Arikoglu has exemplified his argument over Turkey’s exploration activities with two examples — one is from the South China Sea and another one is from the Corfu Channel, which is located in the Mediterranean. 

“In order to prove and confirm its right of navigation in the South China Sea, the US has been keeping a fleet in the region,” he explained. This is despite the protests of China, which claims sovereignty over the sea, just as the GCA is trying to do in waters off Cyprus, Arikoglu said. 

Like the GCA’s claims to gas fields of Cyprus, China also claims to own the sea’s nearly 11 billion barrels of oil and approximately 200 trillion cubic feet of natural gas, disregarding other littoral states’ right to the sea. Besides China, Brunei, Indonesia, Malaysia, the Philippines, Taiwan and Vietnam also have claims to the sea and its natural minerals.

In total, the Levant Basin has gas reserves amounting to 3.45 trillion cubic metres as well as 1.7 billion barrels of oil, according to Zeliha Khashman, Professor of International Relations at Near Eastern University in the TRNC.

Arikoglu’s second example refers to the Corfu Channel dispute between Britain and Albania, going back to 1946, when British warships suffered damage while passing through the channel. London brought the case to the International Court of Justice to demand its reparations from Tirana. 

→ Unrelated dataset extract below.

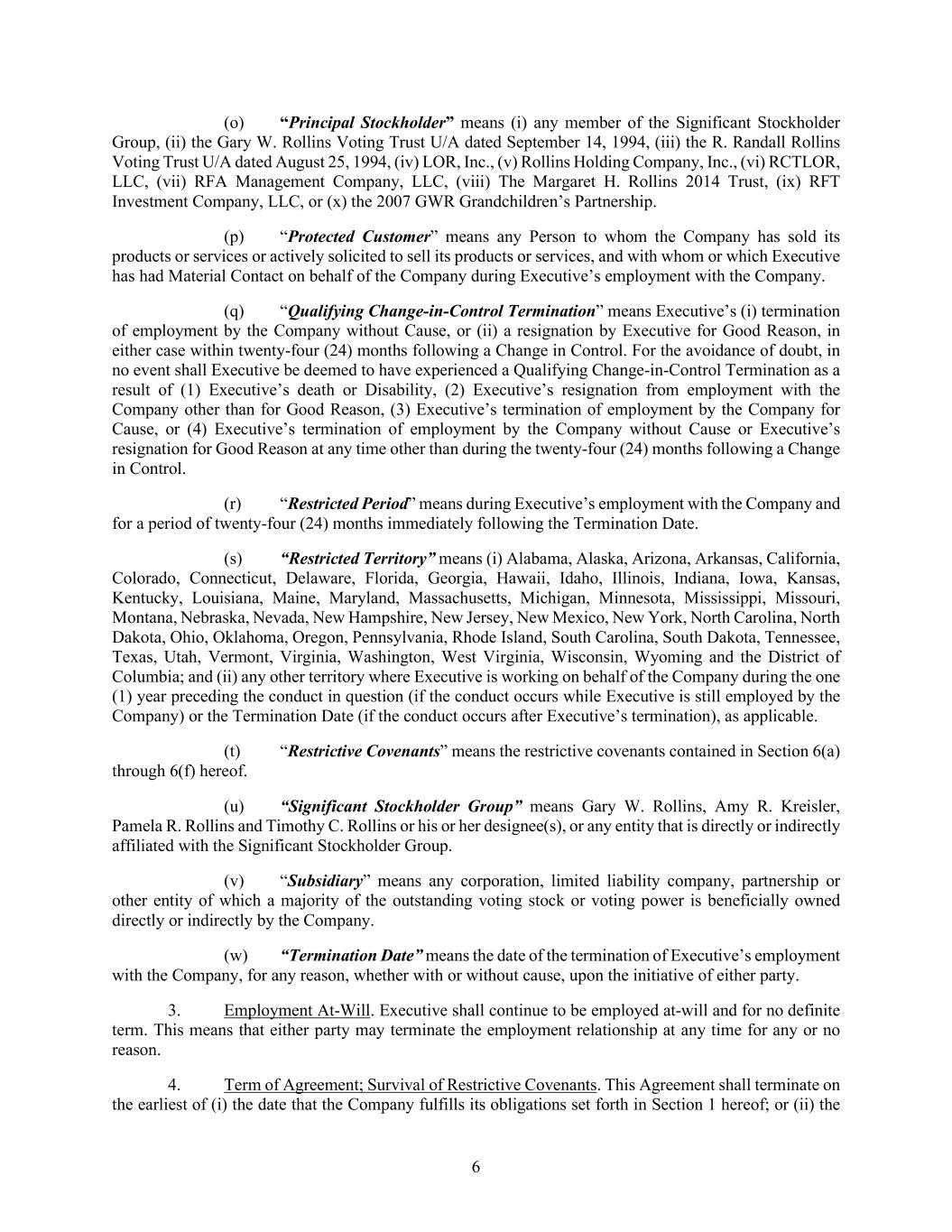 6 (o) “Principal Stockholder” means (i) any member of the Significant Stockholder Group, (ii) the Gary W. Rollins Voting Trust U/A dated September 14, 1994, (iii) the R. Randall Rollins Voting Trust U/A dated August 25, 1994, (iv) LOR, Inc., (v) Rollins Holding Company, Inc., (vi) RCTLOR, LLC, (vii) RFA Management Company, LLC, (viii) The Margaret H. Rollins 2014 Trust, (ix) RFT Investment Company, LLC, or (x) the 2007 GWR Grandchildren’s Partnership. (p) “Protected Customer” means any Person to whom the Company has sold its products or services or actively solicited to sell its products or services, and with whom or which Executive has had Material Contact on behalf of the Company during Executive’s employment with the Company. (q) “Qualifying Change-in-Control Termination” means Executive’s (i) termination of employment by the Company without Cause, or (ii) a resignation by Executive for Good Reason, in either case within twenty-four (24) months following a Change in Control. For the avoidance of doubt, in no event shall Executive be deemed to have experienced a Qualifying Change-in-Control Termination as a result of (1) Executive’s death or Disability, (2) Executive’s resignation from employment with the Company other than for Good Reason, (3) Executive’s termination of employment by the Company for Cause, or (4) Executive’s termination of employment by the Company without Cause or Executive’s resignation for Good Reason at any time other than during the twenty-four (24) months following a Change in Control. (r) “Restricted Period” means during Executive’s employment with the Company and for a period of twenty-four (24) months immediately following the Termination Date. (s) “Restricted Territory” means (i) Alabama, Alaska, Arizona, Arkansas, California, Colorado, Connecticut, Delaware, Florida, Georgia, Hawaii, Idaho, Illinois, Indiana, Iowa, Kansas, Kentucky, Louisiana, Maine, Maryland, Massachusetts, Michigan, Minnesota, Mississippi, Missouri, Montana, Nebraska, Nevada, New Hampshire, New Jersey, New Mexico, New York, North Carolina, North Dakota, Ohio, Oklahoma, Oregon, Pennsylvania, Rhode Island, South Carolina, South Dakota, Tennessee, Texas, Utah, Vermont, Virginia, Washington, West Virginia, Wisconsin, Wyoming and the District of Columbia; and (ii) any other territory where Executive is working on behalf of the Company during the one (1) year preceding the conduct in question (if the conduct occurs while Executive is still employed by the Company) or the Termination Date (if the conduct occurs after Executive’s termination), as applicable. (t) “Restrictive Covenants” means the restrictive covenants contained in Section 6(a) through 6(f) hereof. (u) “Significant Stockholder Group” means Gary W. Rollins, Amy R. Kreisler, Pamela R. Rollins and Timothy C. Rollins or his or her designee(s), or any entity that is directly or indirectly affiliated with the Significant Stockholder Group. (v) “Subsidiary” means any corporation, limited liability company, partnership or other entity of which a majority of the outstanding voting stock or voting power is beneficially owned directly or indirectly by the Company. (w) “Termination Date” means the date of the termination of Executive’s employment with the Company, for any reason, whether with or without cause, upon the initiative of either party. 3. Employment At-Will. Executive shall continue to be employed at-will and for no definite term. This means that either party may terminate the employment relationship at any time for any or no reason. 4. Term of Agreement; Survival of Restrictive Covenants. This Agreement shall terminate on the earliest of (i) the date that the Company fulfills its obligations set forth in Section 1 hereof; or (ii) the

When Albania accused Britain of violating its sovereignty “by sending warships into Albanian territorial waters”, the court sided with London saying that “the United Kingdom had exercised the right of innocent passage through international straits”, confirming the right of navigation. 

In the current Cyprus gas dispute, there is also no such court decision to ban one side to navigate or explore gas fields in the Eastern Mediterranean, Arikoglu said. 

“As long as there is no court decision [agreed by both parties], one side’s plain claims can not be binding for another party,” he concluded.